Published on 11 August 2023

INTERVIEW: TINNITUS UK “WE ABSOLUTELY HAVE TO BE HERE!”

Dynamism is a special human quality, and any organisation that wants to operate in a big space can do little if their team lacks it.

Lucky, then, those that look on their own doorsteps and find someone with drive, people skills, and clear vision. Tinnitus UK hope they have found such a person in Caroline Savage, their new CEO, appointed from within their ranks.

But in how big a space should this charity be aiming to do its work, funding and guiding research, supporting tinnitus sufferers, creating awareness, and building the conditions for growth?

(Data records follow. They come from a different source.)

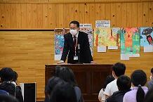 小中合同の終業式の後は、会場を分けて小学校と中学校で別々に学習や生活、健康など、冬休みの過ごし方について具体的に話をしました。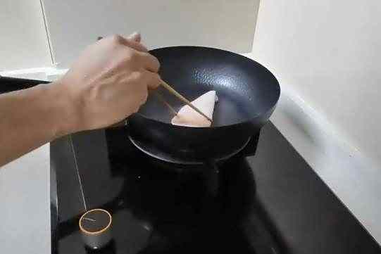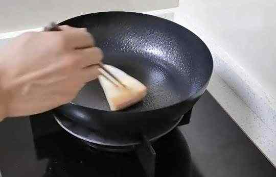 3、用猪油块摩擦加热的锅,将锅内部的锅面都要均匀反复摩擦。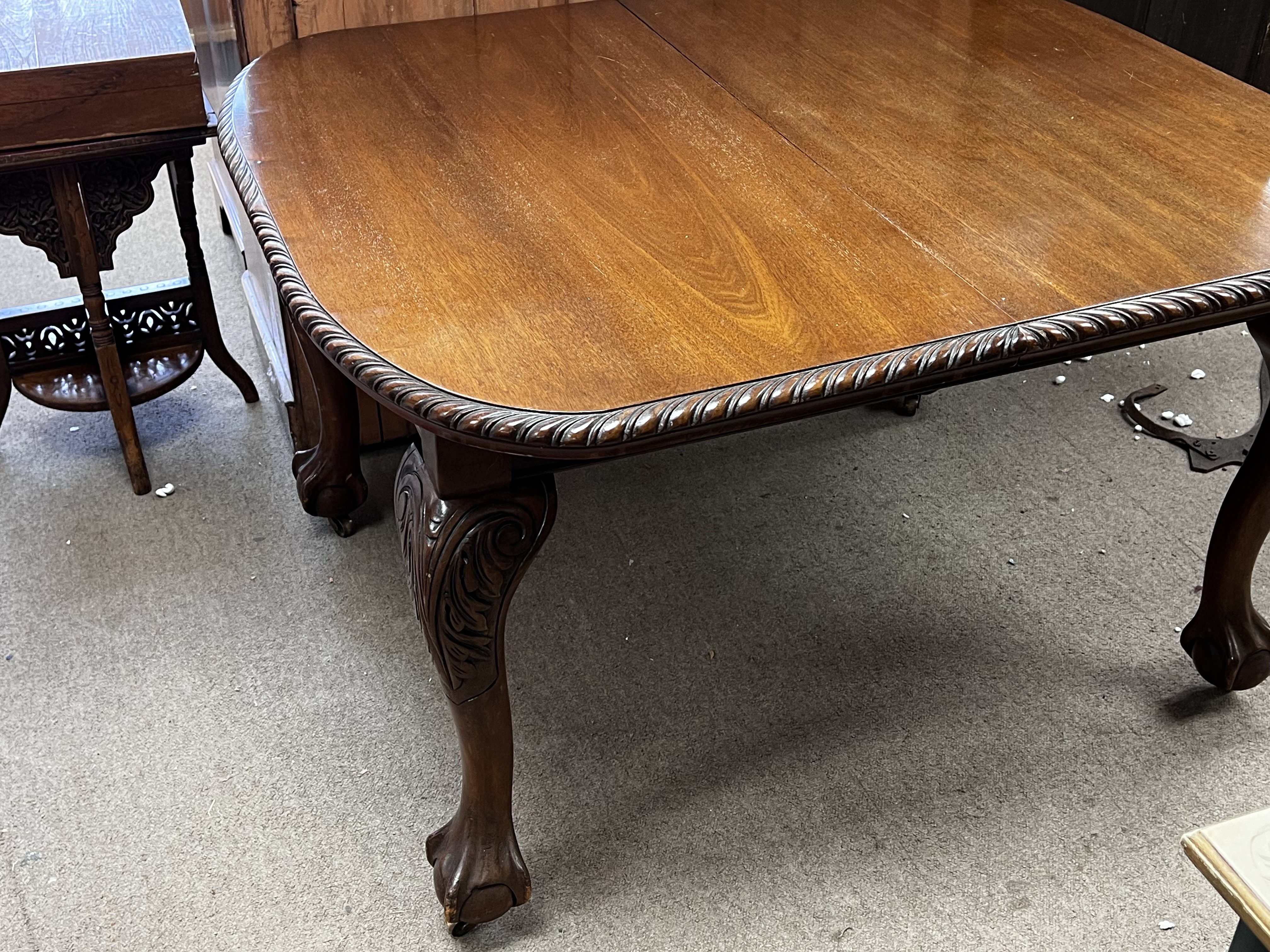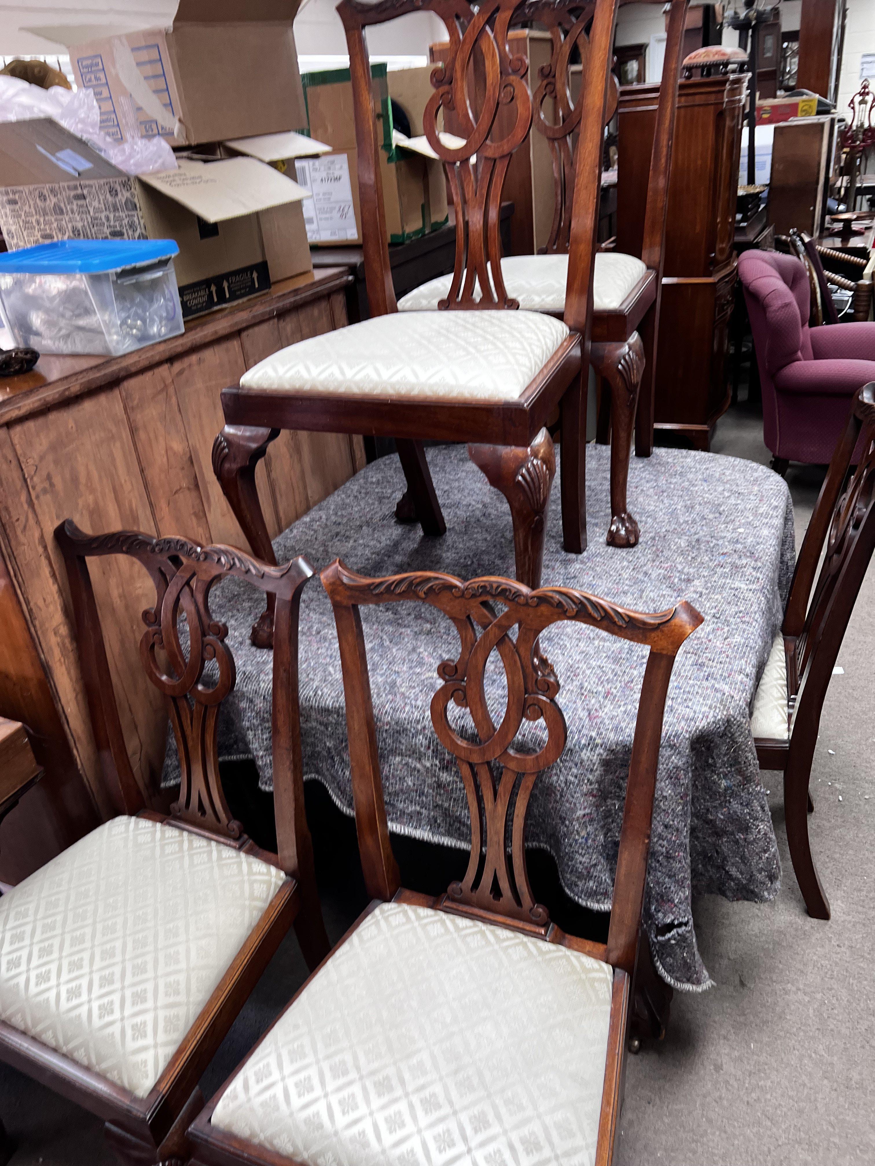 A reproduction Mahogany chippendale style dining table and 6 chairs. NO RESERVE

“A big space!” Savage affirms without the slightest hesitation. “Tinnitus is a condition that affects so many people, and we should be able to be in the space that appropriately represents that number of people. That means we’ve got to be out there,” she stresses.

This ambition is judiciously cut with pragmatism: “I don’t believe we exist in a bubble. The way we’ve worked in the past, we wouldn’t have got in these spaces, but I think now we need to go to that next step in terms of the levels of partnership and people that we work with.”

In this sense, Savage begins her leadership at a good moment for the charity. Solid work over the past twelve years under former Chief Executive David Stockdale has brought partnerships and funding, and crucially, the respect that comes with having good credentials. Tinnitus UK has a super website, an annual conference that has remained online following the pandemic, and a chatbot launched six months ago that is performing well.

 

What’s in a name change?

 

Furthermore, before Savage took her post, and after years of deliberating, the charity finally renamed itself from the British Tinnitus Association, a move achieving – laughs Communications Manager Nic Wray – far more than occasionally being confused with another BTA, the British Toilet Association.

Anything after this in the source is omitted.